Could you return every record below word for word, leaving out the pictures?

DATA RECORDS:
_____
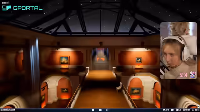 03:17:23Der Stream beginnt mit der Erkundung des Museumsgeländes im Spiel. Das Ziel ist, schnell nach Anomalien wie fehlenden Gemälden oder beschmierten Wänden Ausschau zu halten, um die vorgegebene Quote zu erfüllen. Die Streamerin versucht verschiedene Räume und Ebenen abzuschweifen, wobei sie sich jedoch unsicher ist, ob sie durch einen schnellen Wechsel der Kameraperspektiven mehr findet. Der erste Fokus liegt auf der Suche nach offensichtlichen Fehlern, doch initial wird wenig gefunden und die Zeit rennt ihr davon.
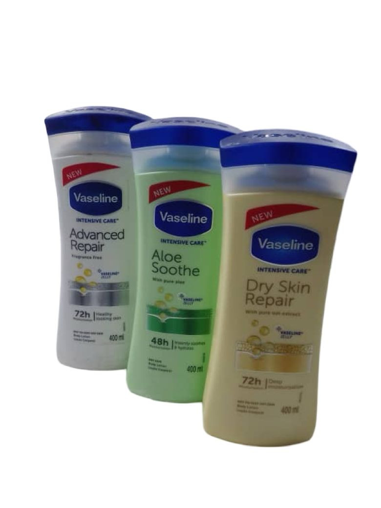 ? 1) Vaseline Advanced Repair الاسم: فازلين أدفانسد ريبير الوصف: مرطب قوي للبشرة شديدة الجفاف والمتشققة، يساعد على إصلاح الجلد وترميمه بعمق، ويوفر ترطيبًا يدوم حتى 72 ساعة. ? 2) Vaseline Aloe Soothe الاسم: فازلين ألو سوت الوصف: مرطب يحتوي على خلاصة الألوفيرا (الصبار)، يهدّئ البشرة ويرطبها، مناسب للبشرة الحساسة ويمنح إحساسًا بالانتعاش، مع ترطيب حتى 48 ساعة. ? 3) Vaseline Dry Skin Repair الاسم: فازلين دري سكن ريبير الوصف: مرطب مخصص للبشرة الجافة، يساعد على استعادة نعومتها ومرونتها، ويمنح ترطيبًا عميقًا يدوم حتى 72 ساعة.
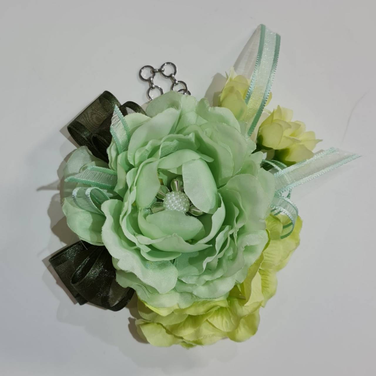 大きめのお花で、後ろにチェーンとピンが付いていますので、お部屋のフック、ドアノブなどにかけることもできますし、バッグチャームにもなります。
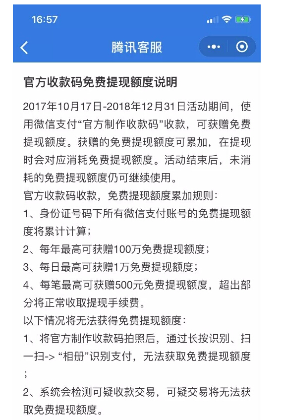 截止2018年12月31日,商户使用“官方收款码”进行收款,可以累加免费提现额度。
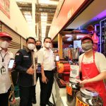 Pemimpin Grup Penjualan Dana & Transaksional, Diki Jatnika (kiri), Deputi Kepala Perwakilan Bank Indonesia Provinsi DKI Jakarta, Suharman Tabrani (kedua dari kiri), bersama Direktur Usaha dan Pengembangan Perumda Pasar Jaya, Anugrah Esa (kedua dari kanan) usai meninjau pertokoan yang telah menerapkan pembayaran digital melalui SIAP QRIS (Sehat Inovatif dan Aman Pakai-Quick Response Code Indonesian Standard) melalui JakOne Mobile pada acara Kegiatan Monitoring /On Site oleh Bank Indonesia di Pasar Koja, Jakarta Utara (19/4).
_____
RESPONSE BELOW:
 03:17:23Der Stream beginnt mit der Erkundung des Museumsgeländes im Spiel. Das Ziel ist, schnell nach Anomalien wie fehlenden Gemälden oder beschmierten Wänden Ausschau zu halten, um die vorgegebene Quote zu erfüllen. Die Streamerin versucht verschiedene Räume und Ebenen abzuschweifen, wobei sie sich jedoch unsicher ist, ob sie durch einen schnellen Wechsel der Kameraperspektiven mehr findet. Der erste Fokus liegt auf der Suche nach offensichtlichen Fehlern, doch initial wird wenig gefunden und die Zeit rennt ihr davon.
 ? 1) Vaseline Advanced Repair الاسم: فازلين أدفانسد ريبير الوصف: مرطب قوي للبشرة شديدة الجفاف والمتشققة، يساعد على إصلاح الجلد وترميمه بعمق، ويوفر ترطيبًا يدوم حتى 72 ساعة. ? 2) Vaseline Aloe Soothe الاسم: فازلين ألو سوت الوصف: مرطب يحتوي على خلاصة الألوفيرا (الصبار)، يهدّئ البشرة ويرطبها، مناسب للبشرة الحساسة ويمنح إحساسًا بالانتعاش، مع ترطيب حتى 48 ساعة. ? 3) Vaseline Dry Skin Repair الاسم: فازلين دري سكن ريبير الوصف: مرطب مخصص للبشرة الجافة، يساعد على استعادة نعومتها ومرونتها، ويمنح ترطيبًا عميقًا يدوم حتى 72 ساعة.
 大きめのお花で、後ろにチェーンとピンが付いていますので、お部屋のフック、ドアノブなどにかけることもできますし、バッグチャームにもなります。
 截止2018年12月31日,商户使用“官方收款码”进行收款,可以累加免费提现额度。
 Pemimpin Grup Penjualan Dana & Transaksional, Diki Jatnika (kiri), Deputi Kepala Perwakilan Bank Indonesia Provinsi DKI Jakarta, Suharman Tabrani (kedua dari kiri), bersama Direktur Usaha dan Pengembangan Perumda Pasar Jaya, Anugrah Esa (kedua dari kanan) usai meninjau pertokoan yang telah menerapkan pembayaran digital melalui SIAP QRIS (Sehat Inovatif dan Aman Pakai-Quick Response Code Indonesian Standard) melalui JakOne Mobile pada acara Kegiatan Monitoring /On Site oleh Bank Indonesia di Pasar Koja, Jakarta Utara (19/4).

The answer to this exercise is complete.